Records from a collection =
*-*-*

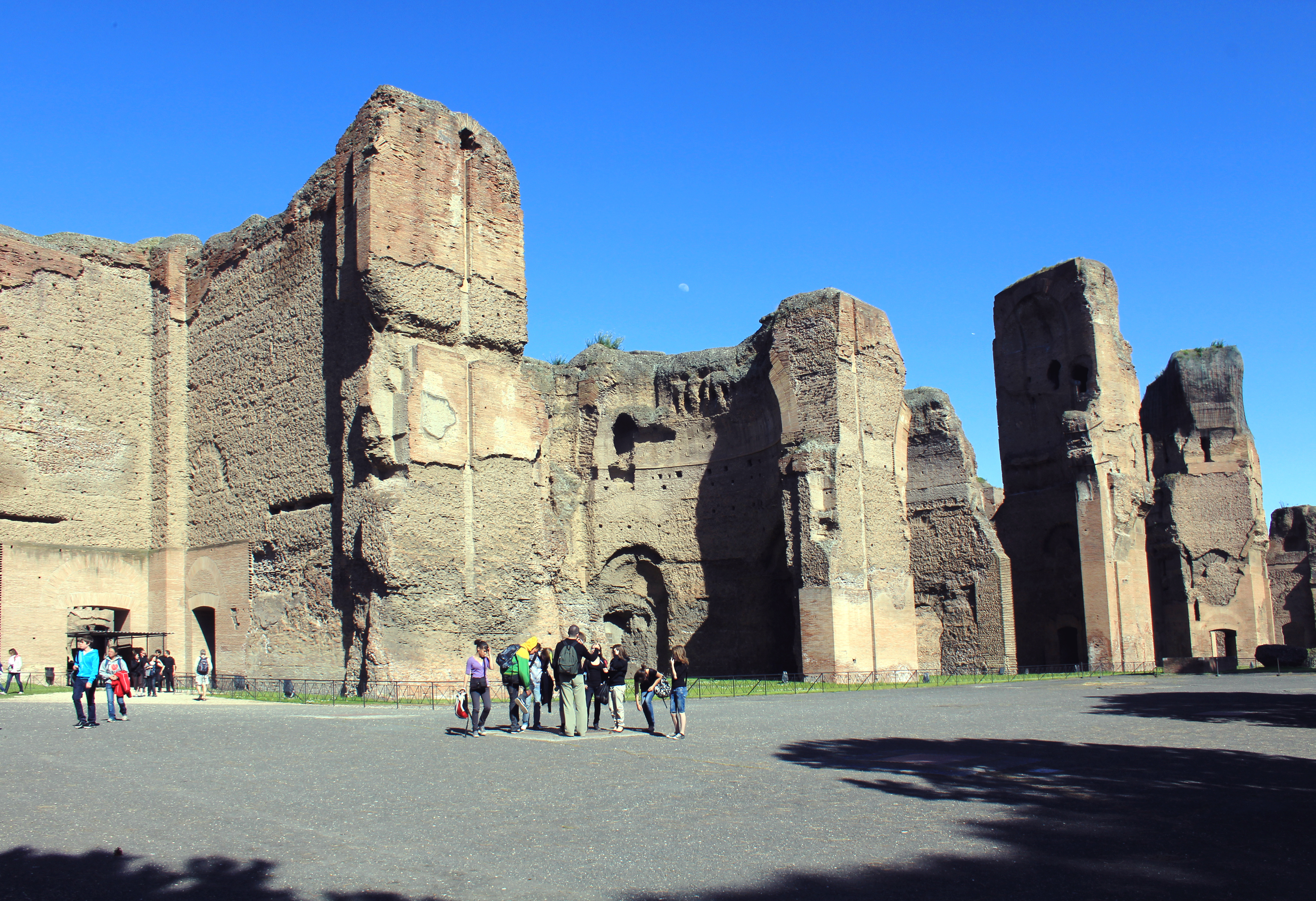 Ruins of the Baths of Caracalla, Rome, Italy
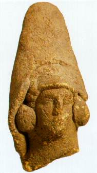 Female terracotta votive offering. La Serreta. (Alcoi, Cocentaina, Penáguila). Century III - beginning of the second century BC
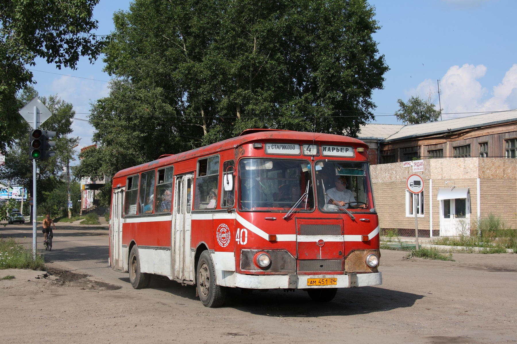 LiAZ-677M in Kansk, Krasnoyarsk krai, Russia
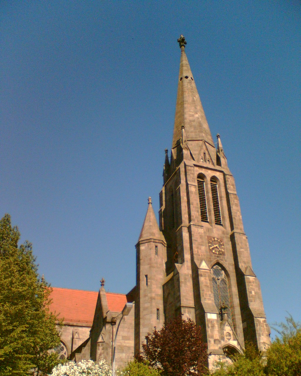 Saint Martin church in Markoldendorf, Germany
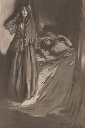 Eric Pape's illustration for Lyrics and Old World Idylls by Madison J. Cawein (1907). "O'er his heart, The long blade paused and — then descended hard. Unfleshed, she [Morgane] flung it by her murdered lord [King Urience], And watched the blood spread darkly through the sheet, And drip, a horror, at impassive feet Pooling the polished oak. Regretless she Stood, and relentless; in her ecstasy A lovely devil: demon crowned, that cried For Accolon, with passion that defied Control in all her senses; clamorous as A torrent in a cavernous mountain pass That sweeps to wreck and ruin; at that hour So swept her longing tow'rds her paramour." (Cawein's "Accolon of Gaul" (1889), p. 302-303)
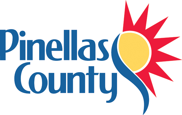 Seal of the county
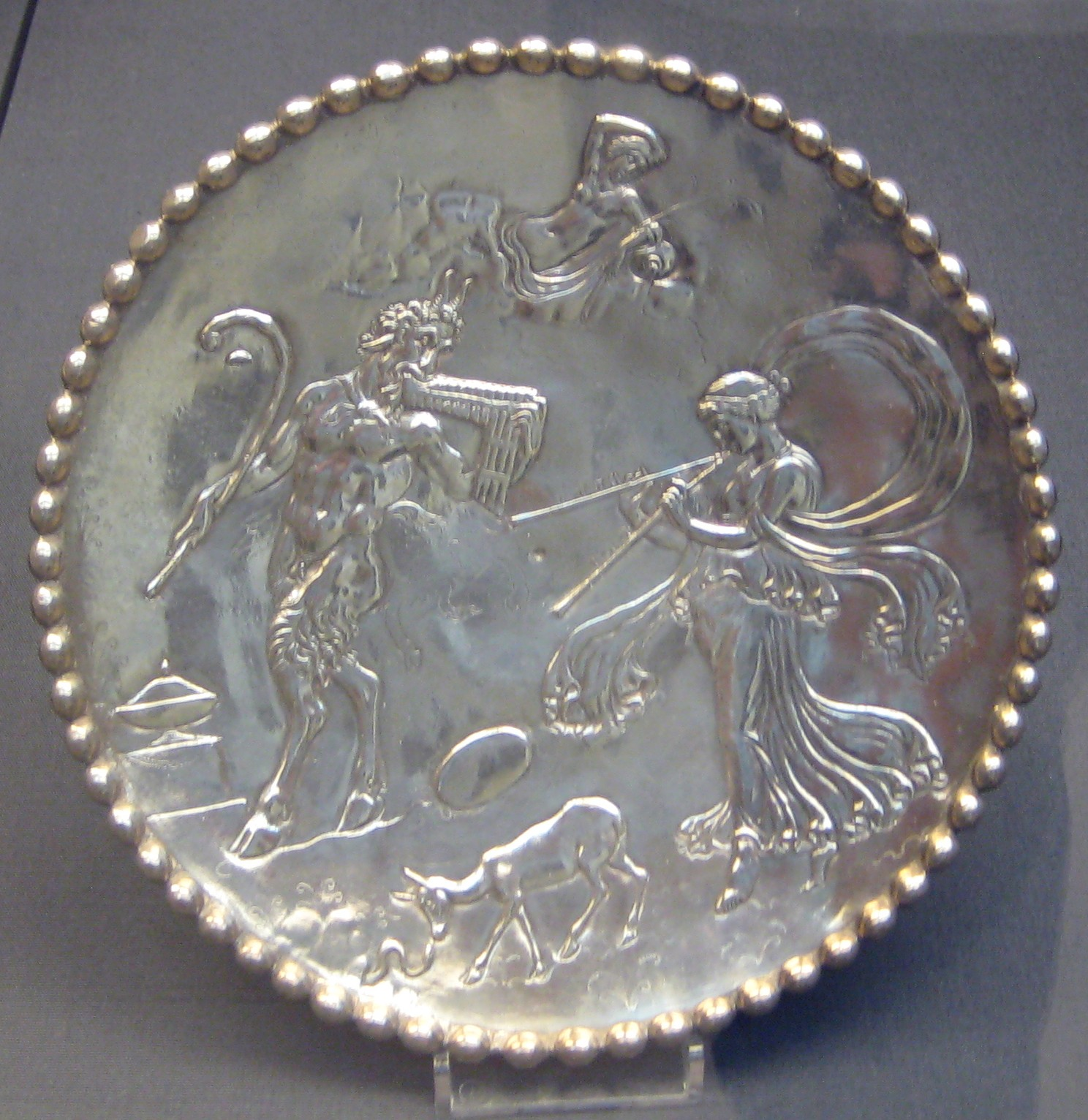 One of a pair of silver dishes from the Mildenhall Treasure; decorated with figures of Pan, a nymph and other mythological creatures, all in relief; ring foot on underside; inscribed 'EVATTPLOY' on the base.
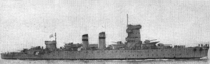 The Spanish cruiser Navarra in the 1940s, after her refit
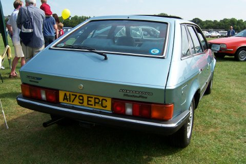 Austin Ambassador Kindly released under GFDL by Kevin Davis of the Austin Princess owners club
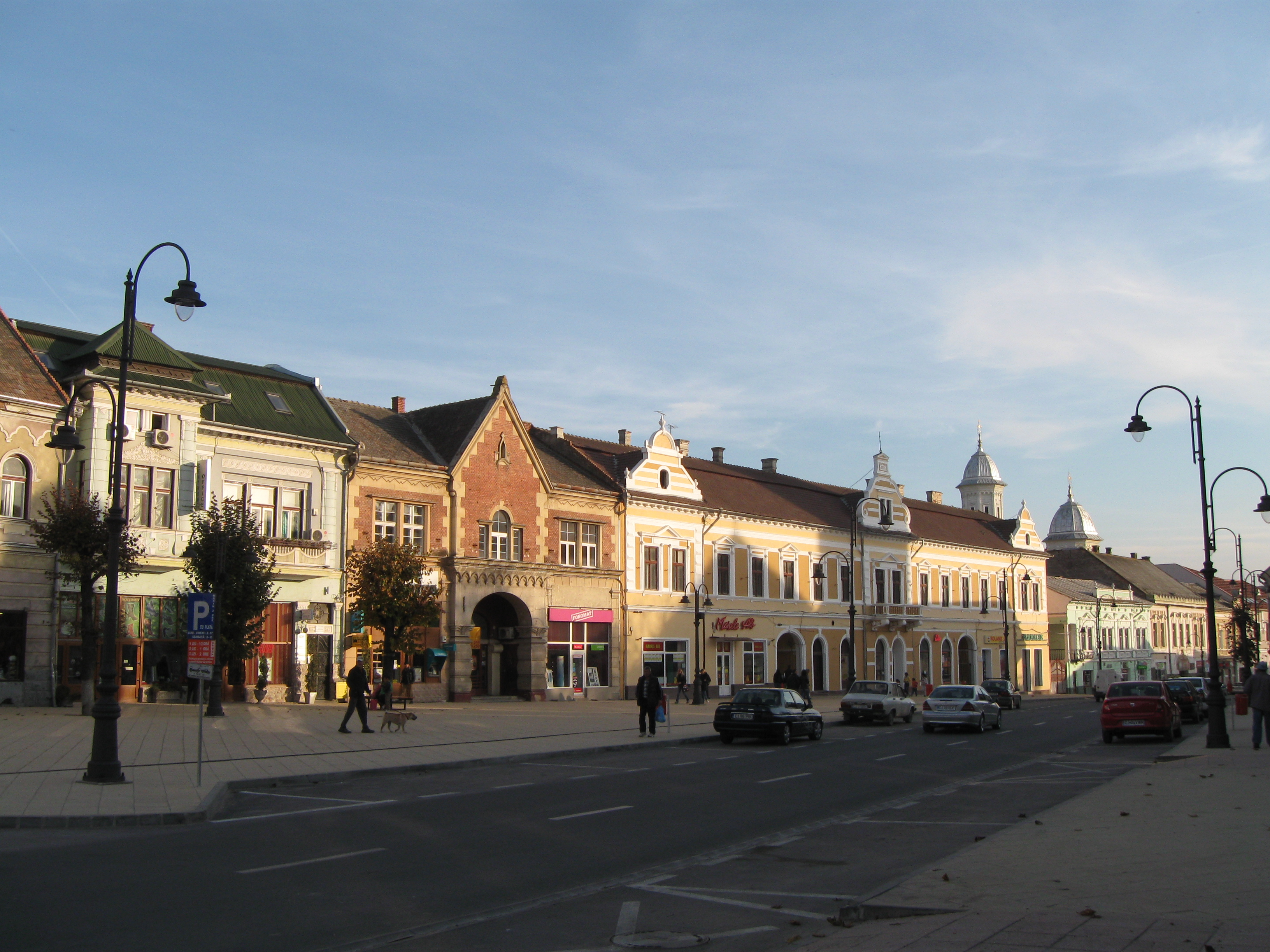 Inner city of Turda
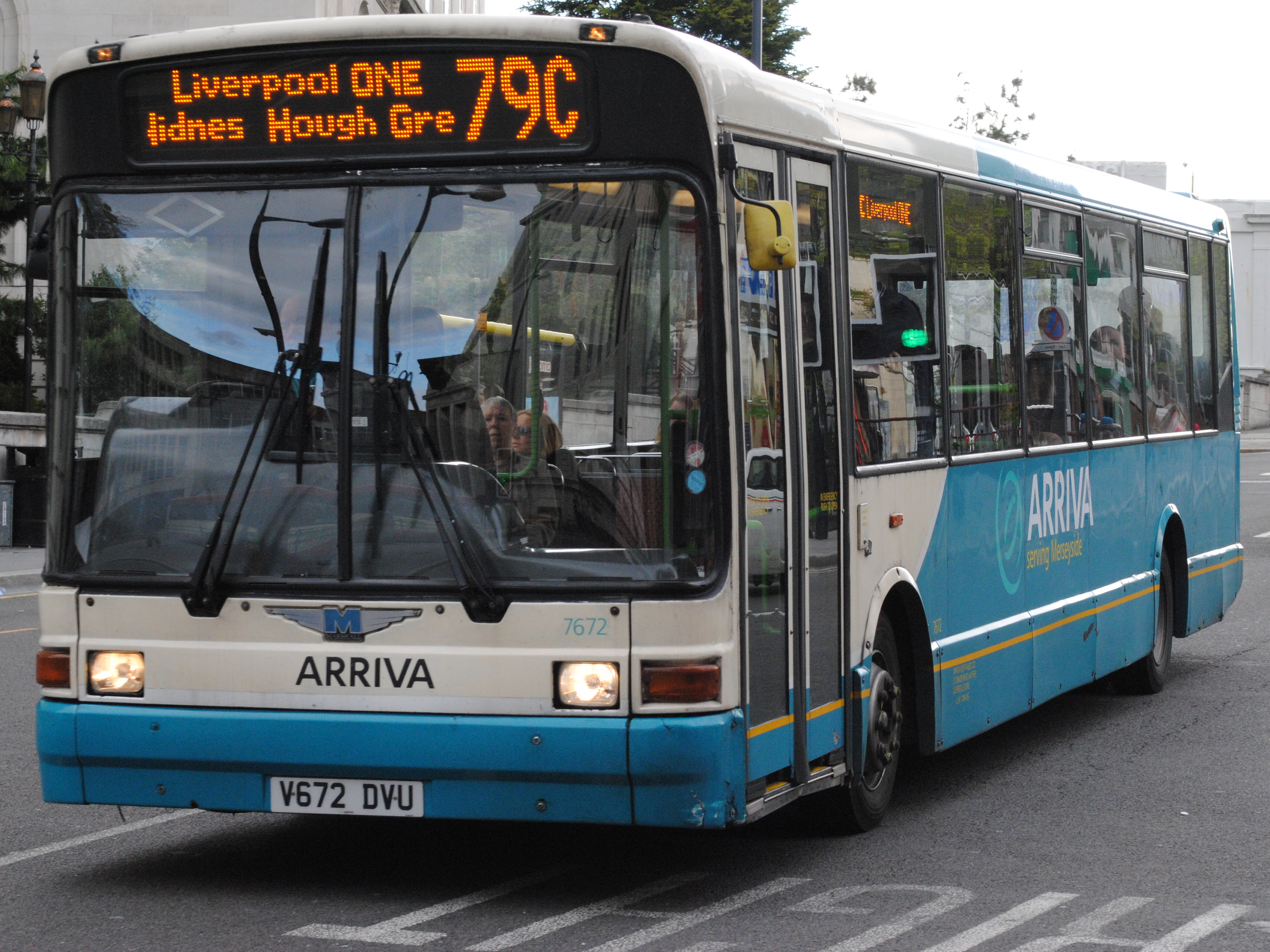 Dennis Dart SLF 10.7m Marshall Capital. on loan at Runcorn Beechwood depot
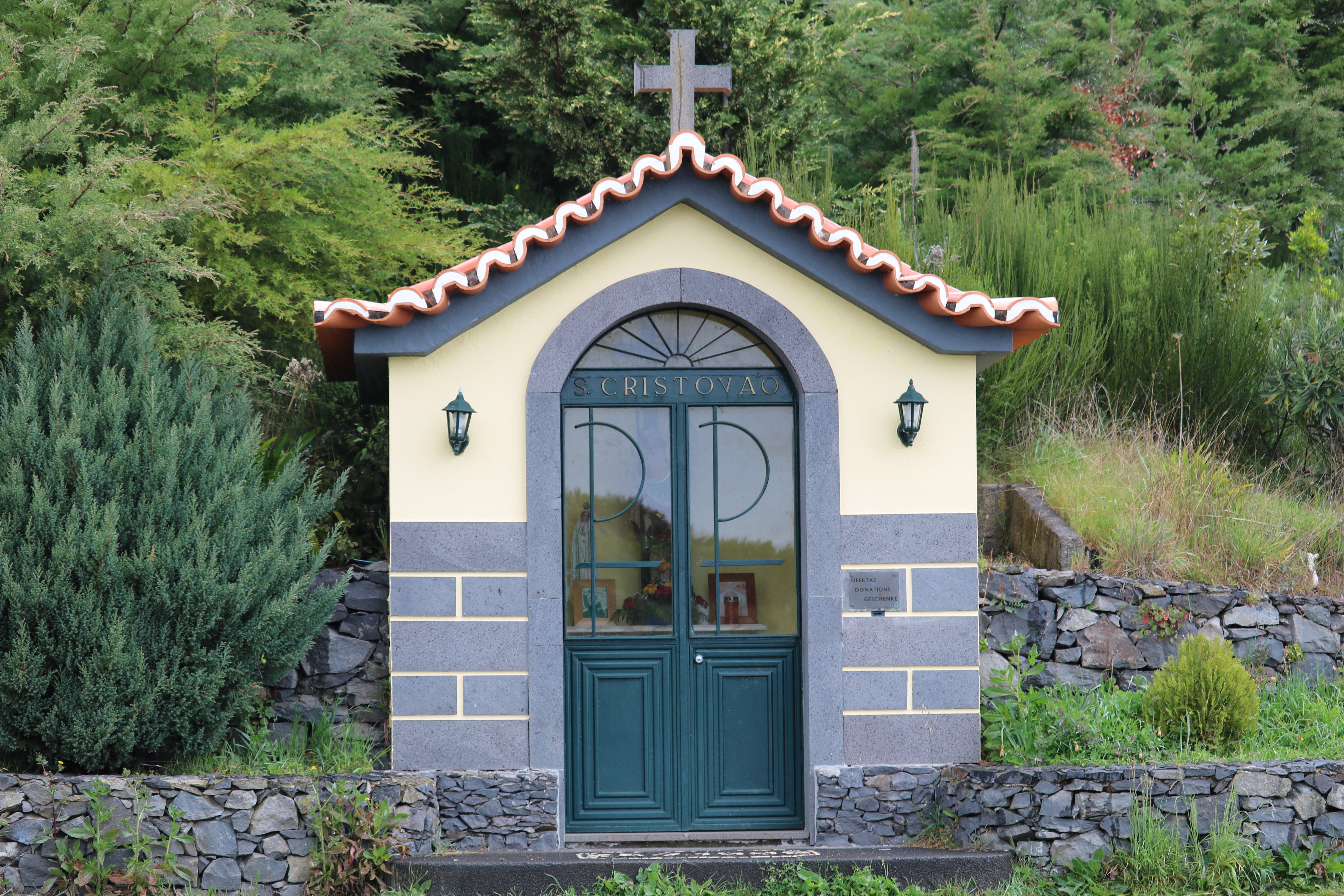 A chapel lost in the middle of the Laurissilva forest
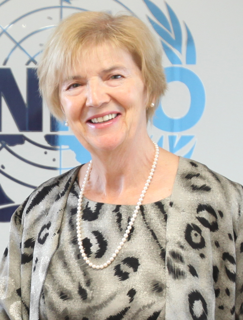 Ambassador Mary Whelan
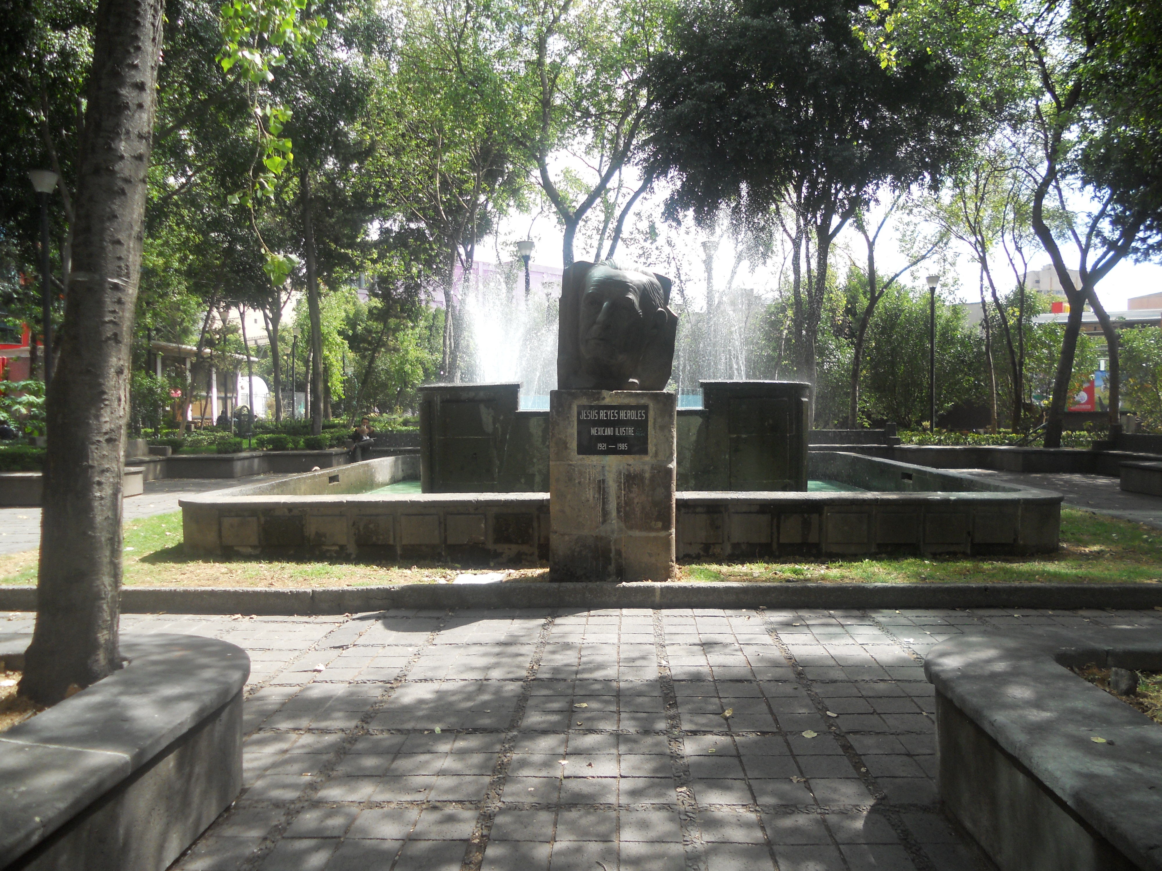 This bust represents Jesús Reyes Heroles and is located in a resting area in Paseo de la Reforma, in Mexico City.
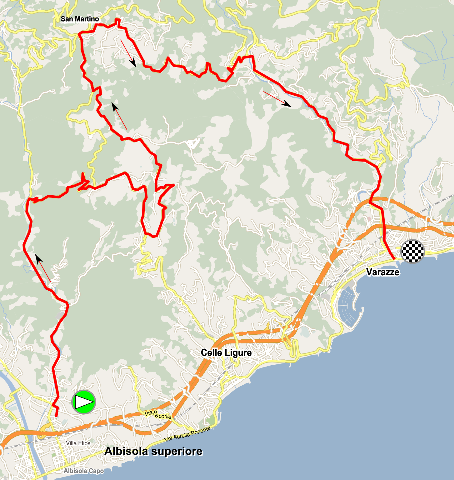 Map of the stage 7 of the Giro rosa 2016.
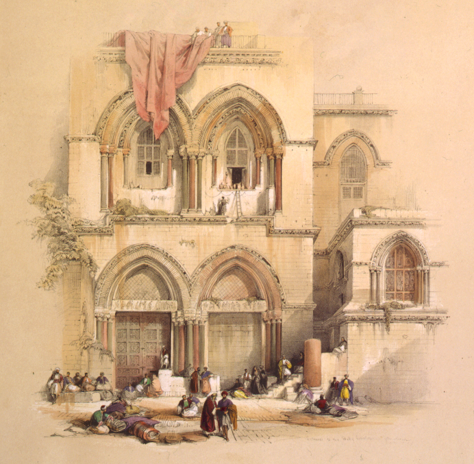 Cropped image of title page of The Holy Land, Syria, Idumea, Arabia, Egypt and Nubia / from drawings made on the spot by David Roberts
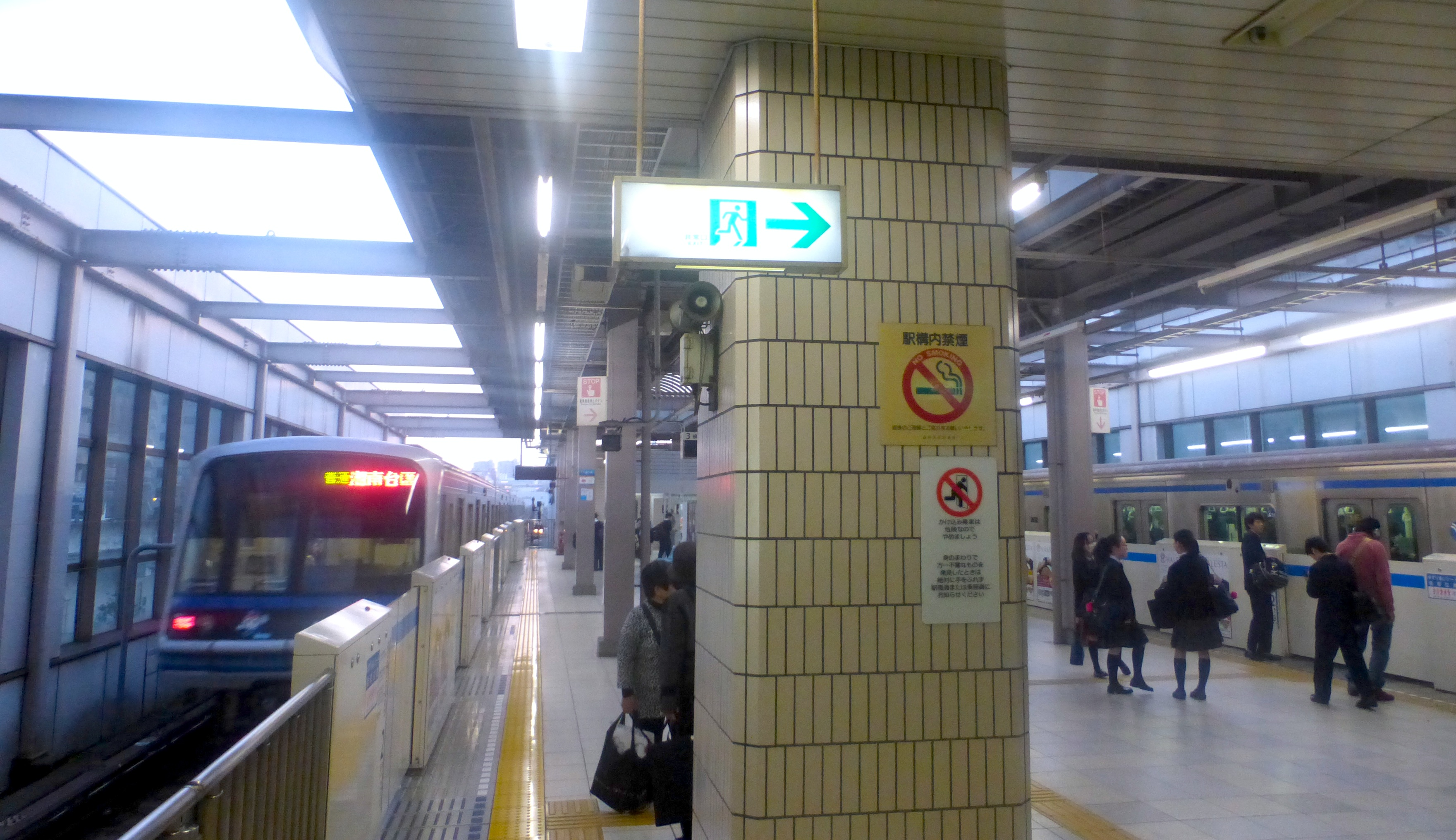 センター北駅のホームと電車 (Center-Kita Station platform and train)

*-*-*

All of the entries above should be copied exactly, except for the pictures.

ANSWER FOR THE TASK =
 Ruins of the Baths of Caracalla, Rome, Italy
 Female terracotta votive offering. La Serreta. (Alcoi, Cocentaina, Penáguila). Century III - beginning of the second century BC
 LiAZ-677M in Kansk, Krasnoyarsk krai, Russia
 Saint Martin church in Markoldendorf, Germany
 Eric Pape's illustration for Lyrics and Old World Idylls by Madison J. Cawein (1907). "O'er his heart, The long blade paused and — then descended hard. Unfleshed, she [Morgane] flung it by her murdered lord [King Urience], And watched the blood spread darkly through the sheet, And drip, a horror, at impassive feet Pooling the polished oak. Regretless she Stood, and relentless; in her ecstasy A lovely devil: demon crowned, that cried For Accolon, with passion that defied Control in all her senses; clamorous as A torrent in a cavernous mountain pass That sweeps to wreck and ruin; at that hour So swept her longing tow'rds her paramour." (Cawein's "Accolon of Gaul" (1889), p. 302-303)
 Seal of the county
 One of a pair of silver dishes from the Mildenhall Treasure; decorated with figures of Pan, a nymph and other mythological creatures, all in relief; ring foot on underside; inscribed 'EVATTPLOY' on the base.
 The Spanish cruiser Navarra in the 1940s, after her refit
 Austin Ambassador Kindly released under GFDL by Kevin Davis of the Austin Princess owners club
 Inner city of Turda
 Dennis Dart SLF 10.7m Marshall Capital. on loan at Runcorn Beechwood depot
 A chapel lost in the middle of the Laurissilva forest
 Ambassador Mary Whelan
 This bust represents Jesús Reyes Heroles and is located in a resting area in Paseo de la Reforma, in Mexico City.
 Map of the stage 7 of the Giro rosa 2016.
 Cropped image of title page of The Holy Land, Syria, Idumea, Arabia, Egypt and Nubia / from drawings made on the spot by David Roberts
 センター北駅のホームと電車 (Center-Kita Station platform and train)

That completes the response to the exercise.